В трубке снова что-то затрещало.
– Пап, у тебя что-то случилось? – немного взволнованно спросила Лена. Теперь она ни на секунду не сомневалась в том, что это ее отец. – И вообще, тебя очень плохо слышно!
– Хватит! – бесцеремонно перебил ее Борис Евгеньевич. – Напрягись и слушай меня внимательно. Я специально звоню из автомата. Все мои телефоны на прослушке. Короче, в стране беда. Слышишь, дочка, большая беда! Союз под угрозой. Через час я лечу в Москву. И все это благодаря этой гребаной перестройке и демократии! Горбачев заблокирован в Форосе. Дача Ельцина окружена. Правда, он пока на свободе. Но его наши боятся больше, чем Горбачева. Он непредсказуем. Знаешь, каких дел он может натворить!
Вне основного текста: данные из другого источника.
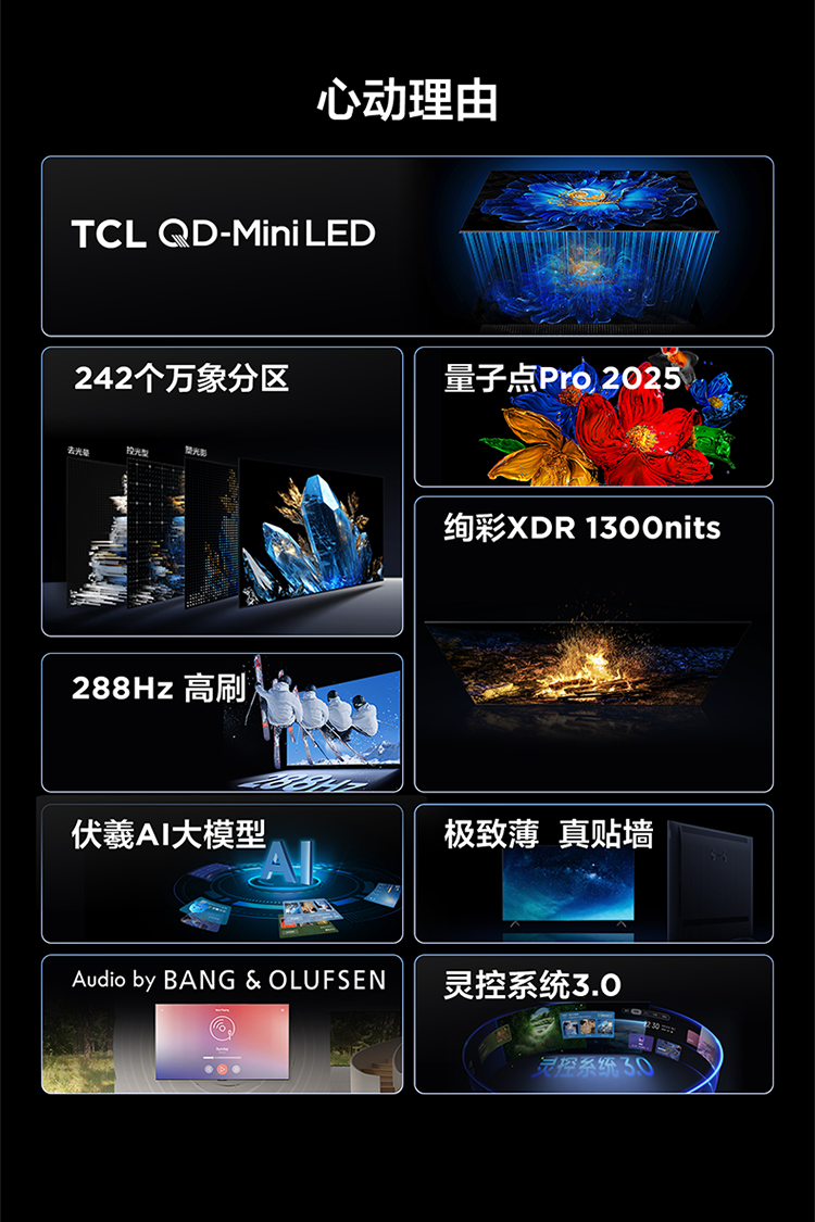 TCL电视 65P12K QD-Mini LED 242 个万象分区 绚彩XDR 1000nits Audio by Bang & Olufsen 65英寸
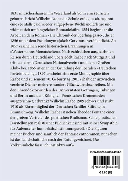 1831 in Eschershausen im Weserland als Sohn eines Juristen geboren, bricht Wilhelm Raabe die Schule erfolglos ab, beginnt eine ebenfalls bald wieder aufgegebene Buchhändlerlehre und widmet sich umfangreicher Romanlektüre. 1854 beginnt er die Arbeit an dem Roman "Die Chronik der Sperlingsgasse", die er 1856 unter dem Pseudonym "Jakob Corvinus" veröffentlicht. Ab 1857 erscheinen seine historischen Erzählungen in "Westermanns Monatsheften". Nach zahlreichen ausgedehnten Reisen durch Deutschland übersiedelt Raabe nach Stuttgart und tritt u.a. dem "Deutschen Nationalverein" und dem "Großen Klub" bei. 1866 ist er an der Gründung der liberalen "Deutschen Partei" beteiligt. 1897 erscheint eine erste Monographie über Raabe und zu seinem 70. Geburtstag 1901 erhält der inzwischen verehrte Dichter mehrere hundert Glückwunschschreiben. Mit den Ehrendoktorwürden der Universitäten Göttingen, Tübingen und Berlin und dem Königlich Preußischen Kronenorden ausgezeichnet, erkrankt Wilhelm Raabe 1909 schwer und stirbt 1910 als Ehrenmitglied der Deutschen Schiller-Stiftung in Braunschweig. Wilhelm Raabe ist neben Theodor Fontane einer der großen Vertreter des poetischen Realismus. Seine plastischen Darstellungen realistischer Bildlichkeit sind mit seiner Sympathie für Außenseiter humoristisch stimmungsvoll. "Die Figuren meiner Bücher sind sämtlich der Fantasie entnommen; nur selten ist das Landschaftliche nach der Natur gezeichnet. Das Volkstümliche fasse ich instinktiv auf."

– Папа, ты не шутишь? – Голос Лены дрожал от волнения. – Это же огромный риск.
– Не переживай! Мы все предусмотрели. В Москву едут около четырехсот танков! КГБ, «Альфа», дивизия Дзержинского тоже на нашей стороне. Что будет дальше, не знаю. В Киеве тоже неспокойно. Сегодня вечером к нам прилетает представитель новой власти – Варенников. Боевой генерал, прошедший Отечественную и Афганскую войну, он быстро здесь всех в чувства приведет. ЦК раскололся. Кравчук пока выжидает, молчит. На стороне новой власти Гуренко, Санин, Палладин. Я, как и многие наши однопартийцы, тоже в этом ряду. Я не могу предать своих идеалов! Я ради этого, дочка, жил! Партия для меня все! Ты согласна со мной?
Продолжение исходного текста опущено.